WordPressを長く運営していると、記事タイトルやスラッグを後から直したくなることがありませんか?
たとえば…
- タイトルを仮置きのまま公開してしまった記事
- 日本語URLのまま作ってしまったスラッグ
- 記事整理のタイミングで命名規則を揃えたいとき
管理画面から一つずつ修正するのは現実的ではありません。
そんなときに役立つのが wp-cli と CSV の組み合わせ です。
私は実際に「数百件のスラッグを英数字に統一」したことがあるのですが、ExcelでCSVを作って wp post update を流すだけで、一晩かけてやるはずの作業が数分で完了しました。
基本となる wp post update
wp-cli には投稿を更新する wp post update コマンドがあります。
wp post update <ID> --post_title="新しいタイトル" --post_name="new-slug"
--post_title→ 投稿のタイトルを更新--post_name→ 投稿のスラッグを更新
これを一件ずつ実行すれば確かに修正できます。
でも件数が多いと手作業は厳しい…。そこでCSVを使います。
CSVで修正データを管理する
まずは対象の投稿をCSVでエクスポートします。
例:ID、タイトル、スラッグを出力
wp post list --fields=ID,post_title,post_name --format=csv > posts.csv
このCSVをExcelやスプレッドシートで開いて、修正したいタイトルやスラッグを書き換えます。
ID… 投稿の識別子(絶対に変更しない)post_title… 新しいタイトルpost_name… 新しいスラッグ
保存するときは UTF-8 形式にしておくと安心です。
CSVを使って一括更新するスクリプト
CSVを整えたら、シェルスクリプトでループして更新します。
#!/bin/bash
# 1行目のヘッダーを除外して読み込み
tail -n +2 posts.csv | while IFS=, read -r ID TITLE SLUG
do
echo "更新中: ID=$ID → TITLE=$TITLE, SLUG=$SLUG"

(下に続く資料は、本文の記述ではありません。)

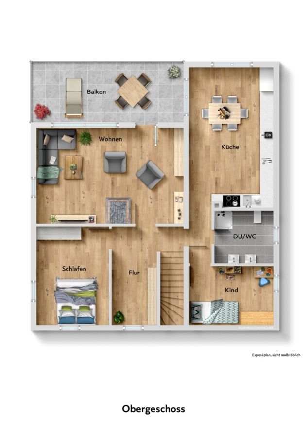 Und rechter Hand wiederum erschließen sich Ihnen ein Kinderzimmer, ein Badezimmer sowie eine Küche.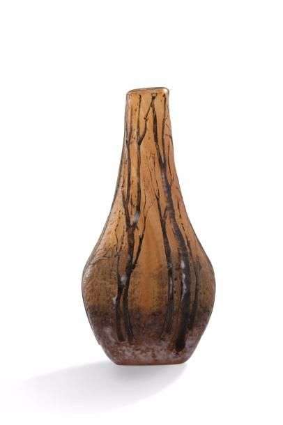 Vase miniature à base renflée et col droit en verre doublé à décor dégagé à l'acide et émaillé d'un paysage forestier enneigé brun sur fond opaque givré orange.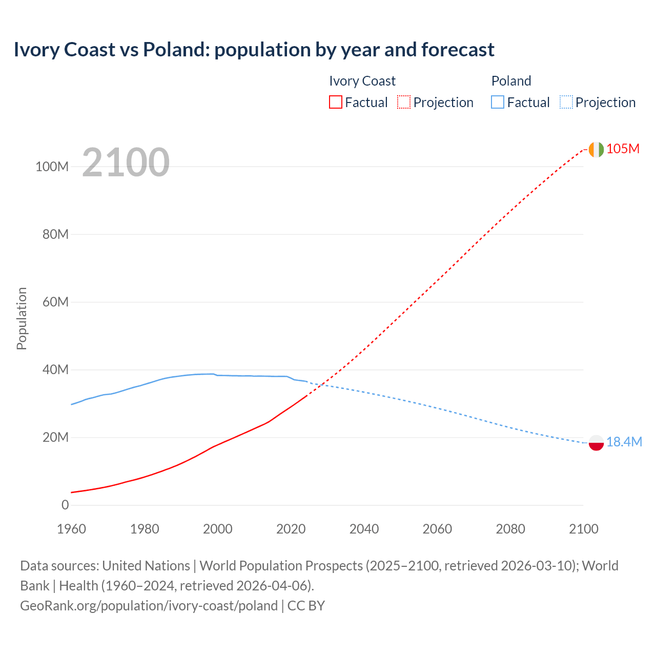 The latest officially reported population of Ivory Coast was 31,934,230 in 2024 vs 36,559,233 people in Poland in 2024. In 2026, based on the adjusted UN estimation, the current Ivory Coast's population is 33,722,528 people compared to 35,806,942 in Poland.
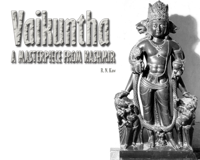 | The best preserved image is actually from Avantipur (Kashmir). As per Kalhana Avantipur town enjoyed sanctity as a holy tirtha resorted to by people at the approach of death with the hope of obtaining a heavenly life. The image was photographed by me in 1974 on the verandah of the Gadadhara Temple at Srinagar- Kashmir. The image was retouched thus the photograph is a refashioned. Gadadhar Temple, Srinagar. is situated on the banks of the river Jehlum and is one of the most beautiful temples in the country. Vaikuntha carved in the round, this image of fine workmanship has four faces: the principal face, with a mark between the eye-brows, is benign and represents Vasudeva-face; the right face is leonine and stands for Sankarshana; the left face is that of a boar and symbolizes Aniruddha; and the fierce looking Kāpila face with jatābhāra on the rear signifies Pradyumna. Of his four hands, the upper right and left carry respectively the stalk of a full blown lotus and a conch-shell, while the corresponding lower hands rest above the heads of Gada-devi and Chakra-purusha, both holding a chāmara with their right hand. Between the stretched legs of the image is the upper portion of Prithvi, the Earth-goddess, emerging from the pedestal, with her palms touching the feet of the god. The main image is draped in a dhotī held by a belt to which is attached a small sword. A folded scarf encircles the thigh. With the kaustubha jewel on the bosom and an upavīla, the image is bedecked in a long vana-mālā, a beaded hāra, valayas, armlets, finger rings, flower shaped kundalas and a richly-embellished elaborate crown. Four headed images of this type are called Vaikuntha, Chaturvyūha and Chaturmūrti. |

wp post update "$ID" --post_title="$TITLE" --post_name="$SLUG"
done
実行権限を付与して走らせればOK。
chmod +x update-posts.sh
./update-posts.sh
これでCSVに書いた修正が一気に反映されます。
実際に使ってみて感じたこと
管理画面だと「クリックして編集 → 保存」を繰り返すしかないのですが、CSV管理だと一覧で眺めながら修正できるので抜け漏れがなくなります。
特にスラッグは統一感を持たせたいときに便利です。
ただ、実際にやってみて注意すべき点もありました。
- 誤ったIDを消さないこと → 1桁ずれると別の記事が書き換わる
- 文字コードに注意 → 特に日本語タイトルはUTF-8で保存
- 本番前にテスト → 本番サイトに流す前にステージングで試すと安心
まとめ
wp post updateでタイトルやスラッグを修正できるwp post listでCSVを出力し、Excelなどで一括編集- スクリプトでループすれば一括更新が可能
- 実行前には必ずバックアップやテスト環境で検証を!
記事整理やSEO対策で「まとめて修正したい」ときに、CSV+wp-cliはとても頼りになります。
大量の記事を一気に直したいときに、ぜひ試してみてください。